Measurabilty question

Question

Consider following problem:
Let $f:S^1 \rightarrow S^1$ be a rotation. Show that a subset $M \subset S^1$ is measurable if and only $f(M)$ is measurable.

Answer 1

Let us recapitulate here

Consider the unit circle $S^1 \subset \mathbb C$ as a submanifold of $\mathbb R ^2.$ Choose an atlas for $S^1$. Choose a partition of unity $\{p_i\}_{i \in I}$ that is subordinate to the domains of the charts of that atlas (i.e. $\operatorname{supp}(p_i) \subset V_i$ for a domain $V_i$). Choose an embedding $\gamma: \Omega \rightarrow \mathbb R^2$ with an open $\Omega \subset \mathbb R$. We call a subset $M \subset S^1$ measurable if for all $i \in I$ the function $(\chi_M \cdot p_i )\circ \gamma \cdot \sqrt{g^\gamma}: \mathbb R \rightarrow \mathbb R$ is measurable with respect to the Lebesgue measure on $\mathbb R$. Here $\chi_M$ denotes the characteristic function of $M$ and $g^\gamma$ is the Gram determinant of $d \gamma$. (One can show that this definition is independent of the choices made.)

We want to prove that

Let $f:S^1 \rightarrow S^1$ be a rotation. Show that a subset $M \subset S^1$ is measurable if and only $f(M)$ is measurable.

Proof: We can write $(\chi_M \cdot p_i )\circ \gamma \cdot \sqrt{g^\gamma} = \chi_{\gamma^{-1}(M)}\cdot (p_i \circ \gamma)\cdot \sqrt{g^\gamma}$. The Gram determinant is non-zero because $\gamma$ is an embedding. Because of that and because the product of measurable functions is measurable, $(\chi_M \cdot p_i )\circ \gamma \cdot \sqrt{g^\gamma}$ is measurable if and only if $\chi_{\gamma^{-1}(M)}\cdot (p_i \circ \gamma)$ is measurable.

So we have:

1. $M$ is measurable if and only if, for all $i \in I$, $\chi_{\gamma^{-1}(M)}\cdot (p_i \circ \gamma)$ is measurable (which independs of the athas chosen, the $\{p_i\}_{i \in I}$ partition of unity that is subordinate to the domains of the charts of the atlas and the embedding $\gamma: \Omega \rightarrow \mathbb R^2$).

In the same way,

2. $f(M)$ is measurable if and only if, for all $i \in I$, $\chi_{\gamma^{-1}(f(M))}\cdot (p_i \circ \gamma)$ is measurable, (which independs of the athas chosen, the $\{p_i\}_{i \in I}$ partition of unity that is subordinate to the domains of the charts of the atlas and the embedding $\gamma: \Omega \rightarrow \mathbb R^2$).
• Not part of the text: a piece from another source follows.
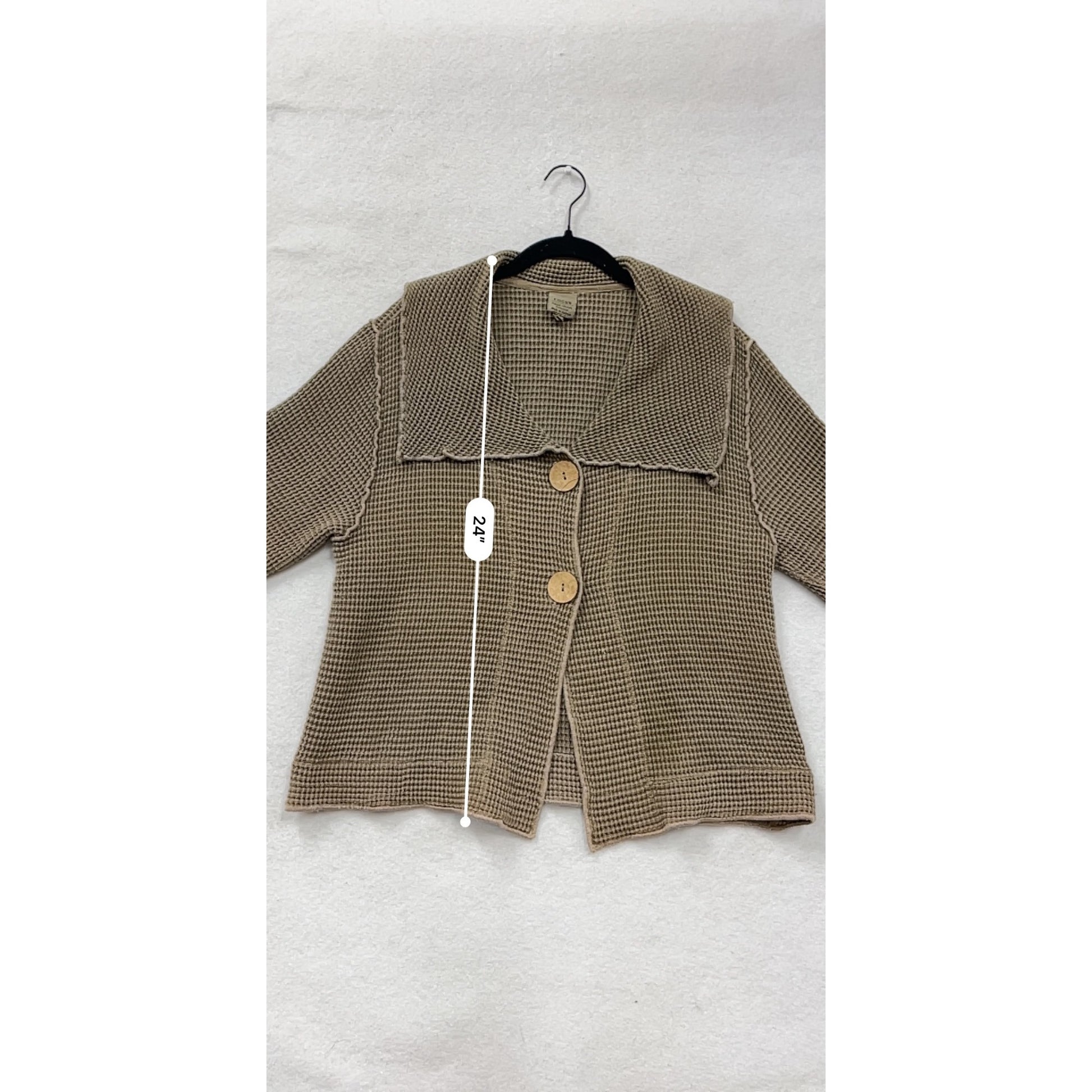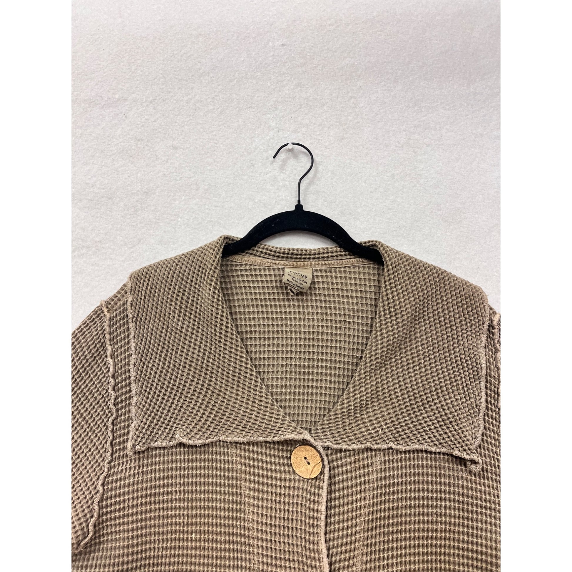 This women's cardigan features a waffle-knit texture, flared sleeves, and button closures. Its lightweight cotton material ensures comfort for daily wear.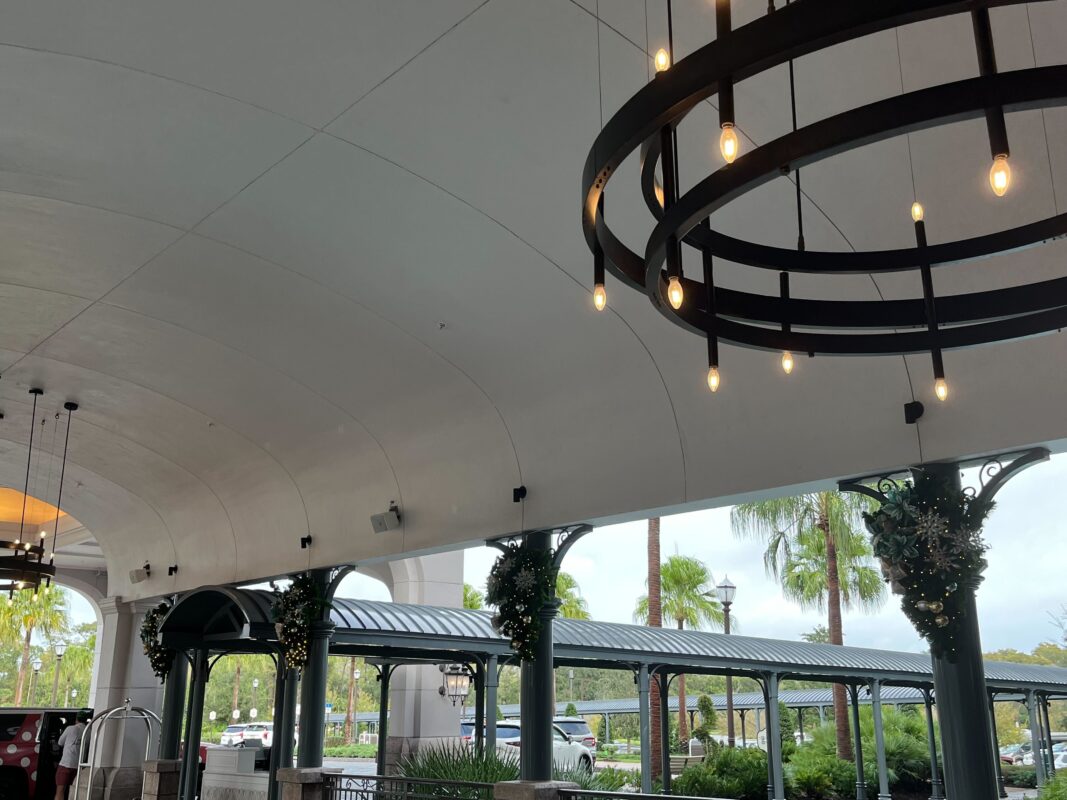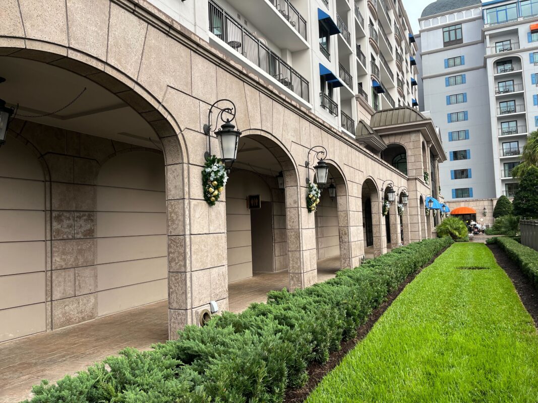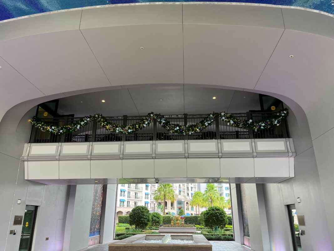 Disney’s Riviera Resort is decked out with garlands, wreaths, and more for the 2023 holiday season at Walt Disney World.

It is easy to see that $f^{-1}\circ \gamma$ is an embedding. So by item 1, we have that $M$ is measurable if and only if, for all $i \in I$, $\chi_{\gamma^{-1}(f(M))}\cdot (p_i \circ f^{-1}\circ \gamma)$ is measurable. But $\{p_i \circ f^{-1}\}_{i \in I}$ is a partition of unity that is subordinate to the domains of the charts of the atlas rotated by $f$. Let, for all $i\in I$, $p_i'= p_i \circ f^{-1}$. Then, using item 2, we have that $M$ is measurable if and only if, for all $i \in I$, $\chi_{\gamma^{-1}(f(M))}\cdot (p_i'\circ \gamma)$ is measurable if and only if $f(M)$ is measurable. So, $M$ is measurable if and only if $f(M)$ is measurable.